Хан оказался прав: к утру они достигли огненного кольца. По сути дела оно представляло к этому времени лишь ленту из пепла, тянувшуюся через леса. Там и тут еще догорали сучья и тянулись в небо дымки, ибо, когда свет дня затмил языки пламени, воины разомкнули кольцо и начали стекаться в котловину, чтобы еще уменьшить пространство, по которому могли свободно перемещаться звери.
Оставленные на месте десятники указывали хану путь. Они приближались к тому месту, где воины образовали вокруг зверей в восемь раз сплетенное кольцо смерти. Отгонять их они отгоняли, но убивать или хотя бы наносить им серьезные повреждения воинам было строжайше запрещено. Единственные живые существа, которым охотников опасаться было нечего, – птицы. Их стайки беззаботно носились над колонной, возглавляемой властителем.
На скале, стоявшей несколько в стороне от дороги и возвышавшейся над старыми деревьями, сидела ворониха. Восходящее солнце зачарованно уставилось сверху на эту сидевшую на краю каменного карниза птицу с мерцающим черным оперением, а ветер старался это оперение распушить. Ворониха гордо взирала на лес и на серую ленту петляющей по нему дороги; однако когда хан приложил стрелу к тетиве и прицелился, птица, издав короткий крик, взмыла вверх и исчезла за высокими деревьями, росшими на скале.
Один из гостей из Хорезма удивленно заметил:
– Какая умная и чуткая птица!
Однако хан не опускал лука, а продолжал прицеливаться, хотя ни на скале, ни на ее карнизе никого видно не было.
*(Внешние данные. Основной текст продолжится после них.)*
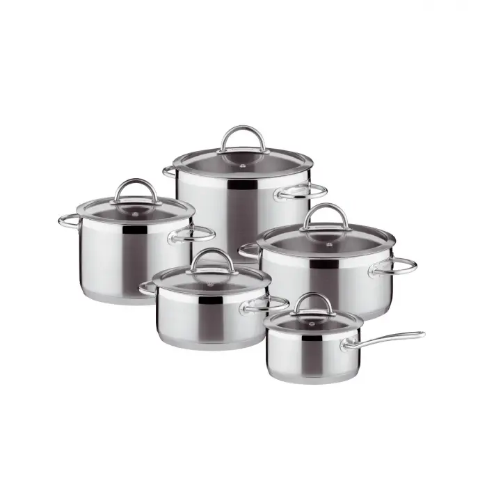 726010 Набір посуду VISION, 10 предметів, нерж. 18/10 tescoma має вишуканий дизайн та буде гарно виглядати на будь який кухні. Фахівці компанії tescoma при проектуванні урахували всі запити користувачів та зробили дійсно якісний продукт. Анатомічна конструкція та функціонал спрощує процес користуванням.

Это удивило гостей: они в почтительном молчании смотрели вверх, не зная, что и подумать. А хан все целился, будто не сомневался, что ворониха вот–вот вернется. Она, конечно, не вернулась, и хан на это, разумеется, не рассчитывал: будучи заядлым охотником, он прекрасно знал, кто спугнул птицу. Его свита тоже знала об этом, а вот гости даже не догадывались.
Из–за деревьев на скале, почти не шевеля крыльями, медленно выплыл огромный серый гриф. На какое–то мгновение он неподвижно завис над скалой, а потом мягко спланировал вниз.
Тут Чингисхан выпустил стрелу.
И она попала в цель!
Серый гриф взмахнул крыльями, пытаясь взлететь, забил лапами по камню.
– Вот в него–то я и целился, – объяснил хан своим гостям. – Что и говорить, вороны птицы умные, но не настолько, как вы думаете.
– Какой поразительно меткий выстрел! – воскликнул главный посол.
– Это я только примериваюсь! – ответил хан.
А серый гриф уже свалился со скалы. Прежде чем он ударился о землю, его несколько раз подбрасывало пружинистыми сильными ветвями елей. Это была большая, тяжелая птица, и, когда она уже лежала во влажном мху, ветви еще долго подрагивали.
– Я слышал, – начал главный посол, – будто вы собираетесь победить в поединке тигра?
– Да! И еще медведя. И кабана! Таков наш обычай.
– А это не опасно?
– Еще опаснее, если ты не в состоянии сделать это, посол. Мой народ это очень опечалило бы.
Слова Чингисхана озадачили послов, они никак не могли взять в толк, зачем властителю столь огромной страны подвергать себя такому риску.
– Странный обычай, – пробормотал главный посол, подумав о своем шахе, который тоже любил поохотиться, но вовсе не на тигров. – Разве властитель должен побеждать медведей и тигров, чтобы быть властителем? – спросил он.
– Да, должен! – ответил хан с улыбкой. – У нас говорят: «Властитель народа обязан быть храбрейшим из храбрых!»
– Мы рассуждаем иначе! – заметил посол.
– Как? Ваш повелитель не храбрейший из храбрых? – Такое предположение развеселило Чингисхана.
– У нас никто не задается вопросом, храбр Мухаммед или нет. Наш шах мудр, он земная тень Аллаха!
– Значит, он мудрейший из мудрых?
– Да! А храбростью отличаются его полководцы!
– А его послы?
– Они на втором месте по уму во всей стране, высокородный хан! – ответил главный посол.
– Странно, – проговорил хан и умолк.
С одной стороны, ему не хотелось обижать гостей, а с другой – он желал дать им понять, что сам не только храбр, но и мудр.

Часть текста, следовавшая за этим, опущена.